Сегодня утром Аза Алибековна услышала неладное, а спала — к удивлению Ренаты — отдельно. Пришла. Он просил «посадить». Как-то посадила. Он лепетал имена ее и Валентины, «как ребенок», не различая ее, «очень хорошую женщину», и Азу. Он лепетал, т. е. твердя сквозь за 45 лет осевшую в душе «Азу» — давнюю Валентину.

Мы с Ренатой въехали на знакомый двор, поднялись по ступенькам и там Гусейнов (молодой, конечно), медиевист Столяров и другие молодые люди.
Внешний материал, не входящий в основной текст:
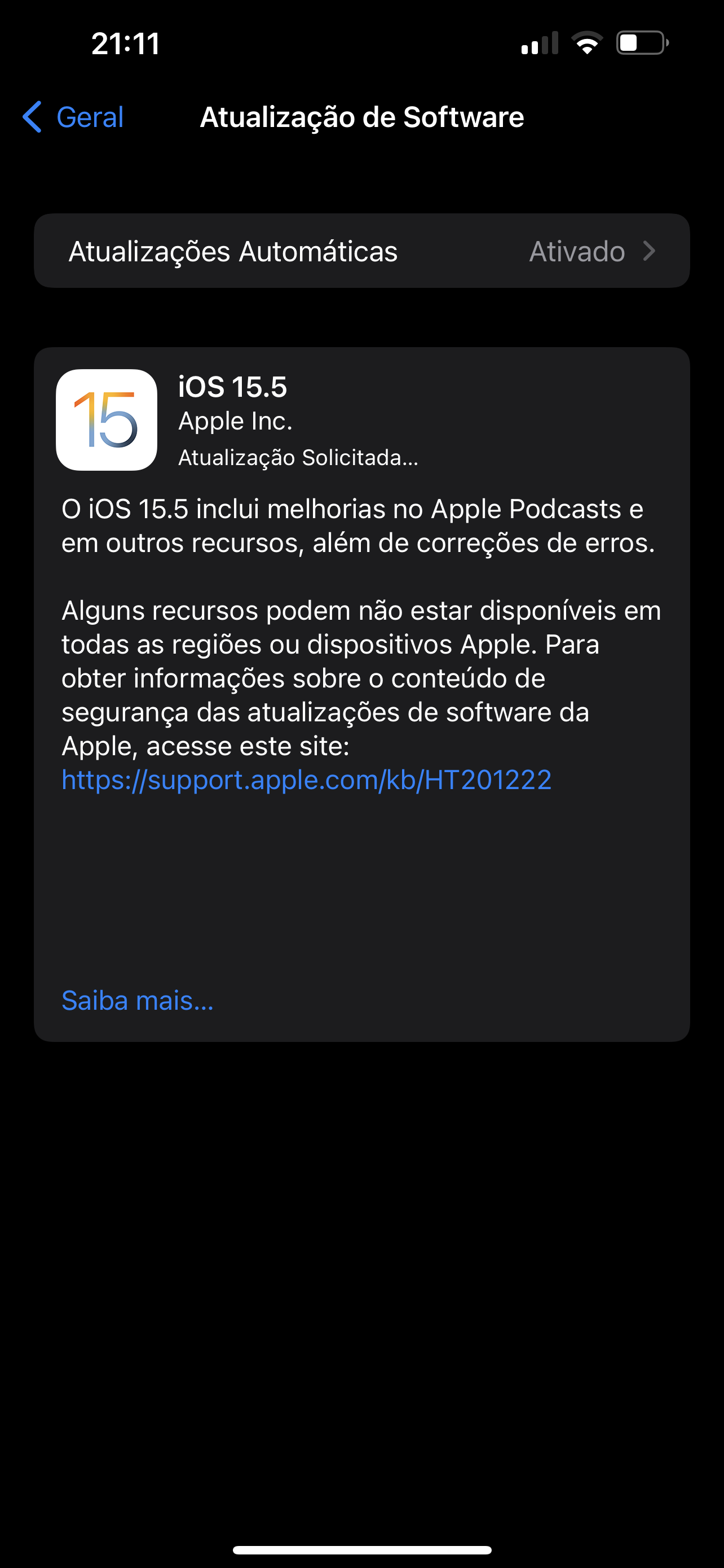 Última atualização não está disponível para o meu iPhone 13
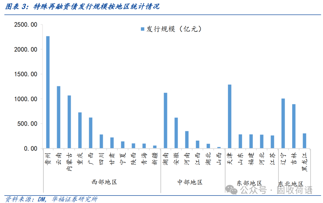 發(fā)行集中在西部地區(qū)。相較于東、中部地區(qū),西部地區(qū)整體綜合財力較弱,債務(wù)負擔較重,因此在上級支持方面存在較大優(yōu)勢。
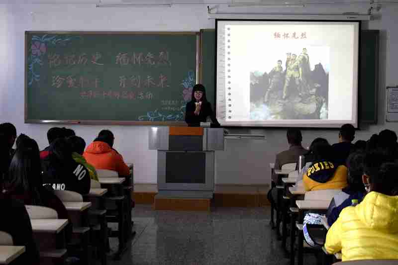 主讲人主要从铭记历史、缅怀先烈、珍爱和平、开创未来四个方面展开了主题,为同学们展示了卢沟桥事变、南京大屠杀、北平沦陷、天津沦陷等一系列的历史照片。随后,她又为同学们介绍了董存瑞的光辉事迹并邀请一些同学们分别叙述了刘胡兰、狼牙山五壮士、赵一曼、黄继光等一系列先烈的生平事迹。主讲人用高昂的声音激励同学们要珍惜和平,绽放光彩,把现场的气氛推向了高潮。最后,主讲人号召同学们要有自己的奋斗目标,严肃自己的言行举止,做好自己的本位,珍惜现在的美好生活,做时代的主人,做未来的引领者。
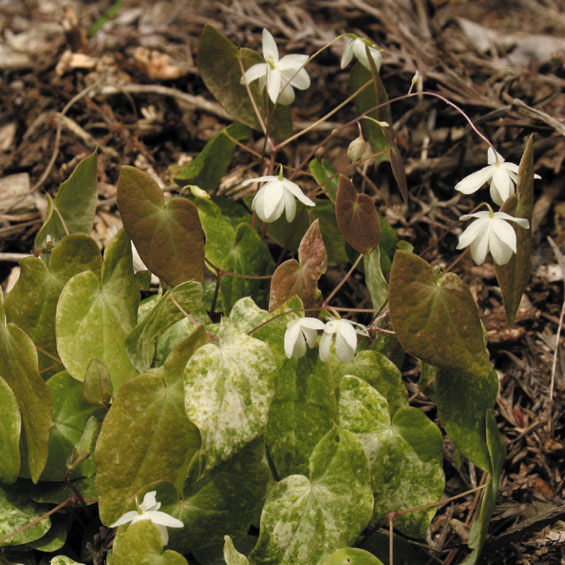 散斑梅花イカリソウ 【047-001】 イカリソウ 2019.11.04 繊細な感じの草姿に白い可憐な花を付ける梅花イカリソウの散斑品種。 開花期 4-5月 冬季 落葉 日当たり 明るい日陰 耐寒性 強 水やり 普通 施肥 春・秋に油粕肥料、生育時に有機液肥を2週間に1回程度 用土 山野草の土/基本培養土
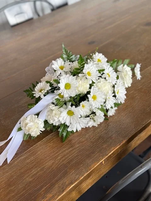 The original bridal bouquet was a mix of white daisies, white carnations, and fern. The recreation was very similar with a mix of white daisies, white carnations, white wax flower, fern with a lace collar and white satin streamers. We were excited to use an older technique of building the flowers in a bouquet holder. We had a difficult time finding the lace collar and holder as they are just not really used much now. One thing that truly surprised us was how gorgeous the simplicity of this bouquet was. It was charming and sweet!! We use very complex recipes and designer flowers most of the time and the simplicity was a breath of fresh air.
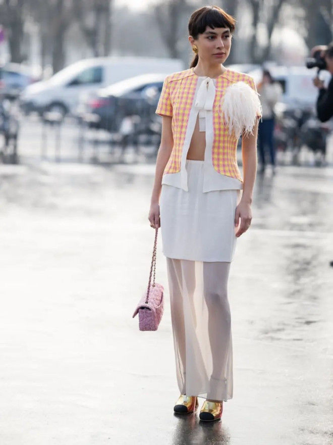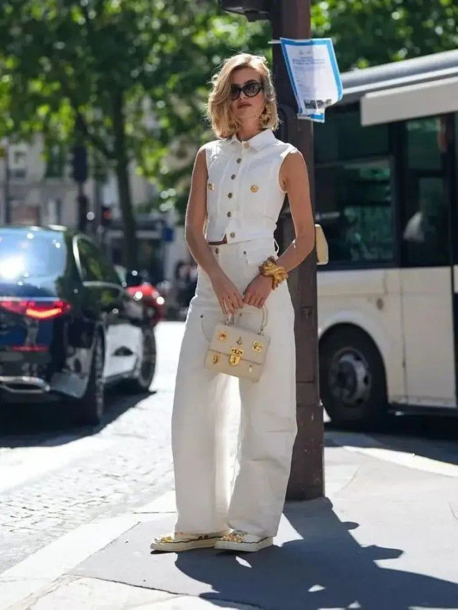 搭配牛仔裤或碎花连衣裙,能带出一种带着随意感的讲究,不会过于正式,但看起来依然有细节。

Постовалова и последний секретарь Алексея Федоровича, молодой человек,

похожий на Пастернака, читали псалмы. Я немного почитал с ним, вместо Вали. А. Ф. в шапочке и очках, тихий учебный вид. Всё казалось, что он вот-вот пошевельнется, чуть повернет голову. Аза Алибековна рассказывала: когда утром, приехав не сразу, Валя Постовалова начала читать молитвы, пальцы у А. Ф., давно не дышащего, сложились троеперстием. И я думаю, что ум продолжал жить, присутствовать около тела, без сердца и без крови, распоряжался телом так, прямо. Потом, конечно, ум должен был совсем выдвинуться из окосневшего тела и сделал это привычно, делав ранее уже столько раз. Substantia separata, а что бы вы думали. Потом займется вообще своими propriae actiones et operationes. Но, я думаю, только теми, которые имела навык делать при теле: только в качестве так навыкшей она individuata, а то — общая для всего рода человеческого. Вокруг Лосева уже деловитые взвихрения. Аза Алибековна тут же, у лежащего на столе фоба, говорит новые дежурные речи: А. Ф. прожил бы больше, если бы Владимир Сергеевич Походаев не оказался таким черствым, прислал бы только что вышедший сигнал 7-го тома «Эстетики», и т. д. Ее установка теперь печатать как можно больше, восходить на дрожжах новой славы. Алексей Федорович теперь популярнее Аверинцева, устраивает ббльшие массы.

Аверинцев звонит, он пишет некролог для «Литературной газеты» и хочет уточнить, когда А. Ф. был под следствием. Я перелистал свои записки, и они в сущности однобокие. А. Ф. в них не раскрылся, потому что я не располагал раскрыться, или потому что он в принципе не мог этого, глухо закрытый человек. Однобокое, болезненное впечатление от записей. Я должен буду прибавить свое, много своего.

26. 5. 1988

. Покупаем цветы, но к А. Ф. я еду один. И подхожу к его дому без пяти двенадцать; двенадцать было время начала его занятий. Реально, конечно, сытного — для меня — завтрака, потом занятий в кабинете [282] Но волшебные минуты, когда юный А. Ф. оживленно ходил со мной по аллее спиркинской дачи, когда мы шли с ним пешком от его института до Арбата: тепло, солнечное и человеческое. И полное равенство во время долгих, почти каждый день час, два, больше, разговоров о жизни. «Интересный разговор».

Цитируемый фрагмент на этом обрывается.